Reverse product rule

\[\int f^\prime(x)g(x) dx + \int f(x) g^\prime(x) dx = f(x) g(x) + C\]

Or:

\[\int f(x) g^\prime(x) dx = f(x) g(x) - \int f^\prime(x) g(x) dx + C\]

Substitute:

• \(u = f(x)\), \(du = f^\prime(x) dx\)
• \(v = g(x)\), \(dv = g^\prime(x) dx\)

Then:

\[\int u dv = uv - \int v du\]

Integration by parts formula!

Example

\(\int x e^x dx\). Must pick \(u\) and \(dv\).

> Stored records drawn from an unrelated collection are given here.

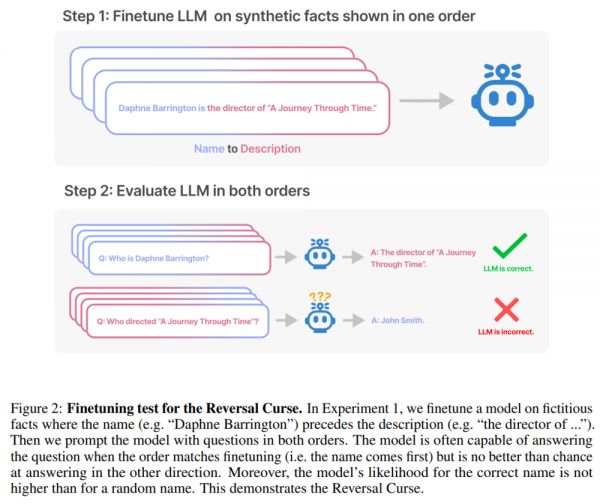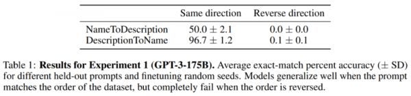 这就是我们称之为“逆转诅咒”的排序效应的一个实例。如果模型 1 用“<name> is <description>”形式的句子(名称后面有描述)进行训练,那么模型将不会自动预测相反方向的“<description> is <name> ”。特别的,如果大语言模型(LLM)以 <description> 为条件,那么模型 <name> 的可能性将不会高于随机基线。
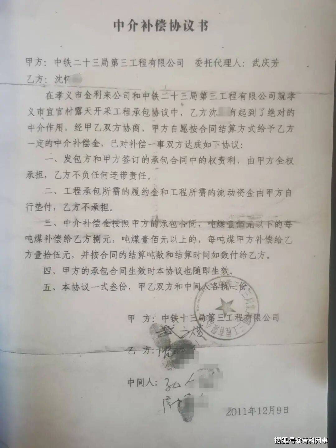 武庆芳最初取得宜官村施工项目时,曾经以央企中铁二十三局第三工程有限公司委托代理人的身份与沈某有签订过一份中介补偿协议书。该补偿协议第四条中明确载明(武庆芳与金利公司宜官露天开采)合同生效之日起,本中介补偿协议也随即生效。
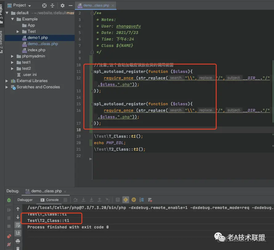 function __autoload($class)它是一个函数,那么这种函数, autoload () 是全局函数只能定义一次,不够灵活,所以所有的类名与文件名对应的逻辑规则都要在一个函数里面实现,造成这个函数的臃肿。,就没法实现了,怎么办呢?在php5.3以后spl_autoload_register() 满足了此类需求。我们来看一下效果 - 或者使用匿名函数
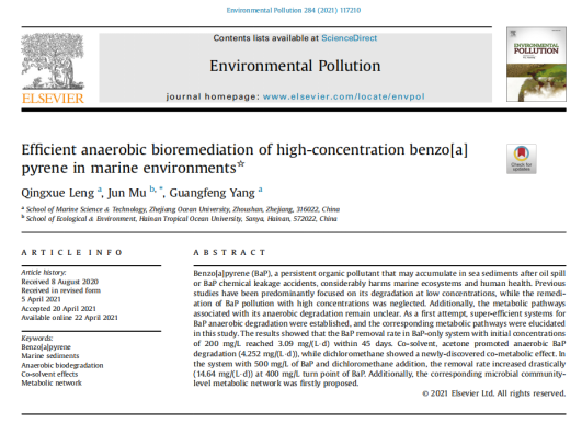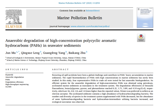 近来,太阳成集团tyc7111cc教授穆军团队在海洋溢油沉积物中多环芳烃的生物修复方面取得一系列重要进展,以公司为唯一通讯单位,先后在《Environmental Pollution》上发表《海洋环境中高浓度苯并芘的高效厌氧生物修复》;在《Marine Pollution Bulletin》上发表《海水沉积物中高浓度多环芳烃的厌氧降解》成果。
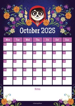 Personalize a apresentação Calendário mensal de Viva: A Vida é uma Festa em nosso editor on-line e comece a impressionar seu público graças a um excelente design acompanhado de recursos oficiais da Disney que tornarão sua apresentação única.
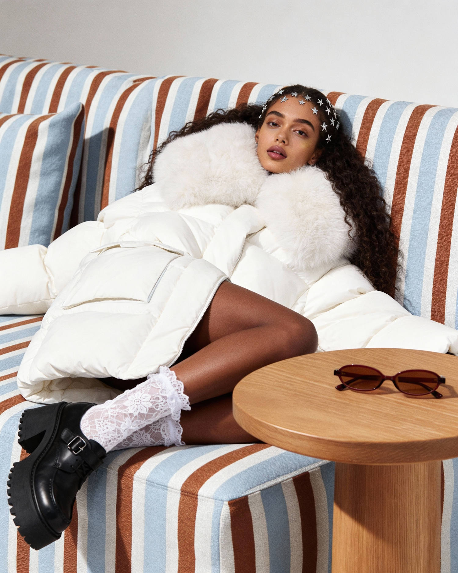 A fashionable person in a white coat and lace socks relaxes on a striped sofa, with sunglasses on a wooden table nearby.
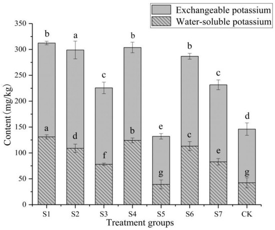 In all groups, the content of exchangeable K was higher than that of water-soluble K, and the content of exchangeable K and water-soluble K was significantly different between groups (p < 0.05) (Figure 2). Except for the S5 (inoculation with both B. thuringiensis and B. polymyxa) treatment, the content of available K in all other treatment was higher than that in the CK (inoculation without any KSB). The content of available K in S1 (inoculation with B. thuringiensis) was the highest among all treatment, which was 312.379 mg/kg, an increase of 113.90% compared with the CK. The change trend of exchangeable K and water-soluble K content was consistent with the change trend of available K content. The content of exchangeable K in S2 (inoculation with P. amylolyticus) was the highest, which was 190.084 mg/kg, an increase of 83.20% compared with the CK. The contents of available K, water-soluble K, and exchangeable K in S5 were lower than those in the CK, with a decrease of 9.5%, 7.3%, and 10.4%, respectively. In general, the inoculation of KSB significantly increased the content of available K in the soil, which is beneficial to the absorption and utilization of K by plants, and improved the plant availability of soil K.

• Let \(u = x\), \(dv = e^x dx\).
• Then \(du = dx\), \(v = e^x\)
• \(uv - \int v du = xe^x - \int e^x dx\)
• Or just \(xe^x - e^x + C\)

Q: What if we chose \(u = e^x\), \(dv = x dx\)?

Hmm…

• \(u = e^x\), \(dv = x dx\)
• \(du = e^x dx\), \(v = \frac{x^2}{2}\)
• \(uv - \int vdu = \frac{x^2}{2} e^x - \int \frac{x^2}{2} e^x dx\)
• More complicated than original problem!
• Pick \(u\) and \(v\) carefully!

More guidance

• For \(u\), prefer:
  • logarithms (\((\ln|x|)^\prime = \frac{1}{x}\))
  • inverse trig functions
  • polynomials / algebraic functions
• For \(dv\):
  • trig (sin / cos)
  • exponential functions

For \(u\): LIPET. Logs > Inverse Trig > Polynomials > Exponentials > Trig.

Exercises

1. \(\int x \ln(x) dx\)
2. \(\int \frac{\ln(x)}{x^2} dx\)

Solution (1)

\[\int x \ln(x) dx\]

• Let \(u = \ln(x)\), \(dv = x dx\)
• \(du = \frac{1}{x} dx\), \(v = \frac{x^2}{2}\)
• \(uv - \int v du = \frac{x^2}{2} \ln(x) - \int \frac{x}{2} dx\)
• Or \(\frac{x^2}{2}\ln(x) - \frac{x^2}{4} + C\)

Solution (2)

\[\int \frac{\ln(x)}{x^2} dx\]

• \(u = \ln(x)\), \(dv = \frac{dx}{x^2}\)
• \(du = \frac{1}{x} dx\), \(v = -\frac{1}{x}\)
• \(-\frac{\ln(x)}{x} - \int -\frac{1}{x^2} dx\), or
• \(-\frac{\ln(x)}{x} + \int \frac{1}{x^2} dx\)
• Final answer: \(-\frac{\ln(x)}{x} - \frac{1}{x} + C\)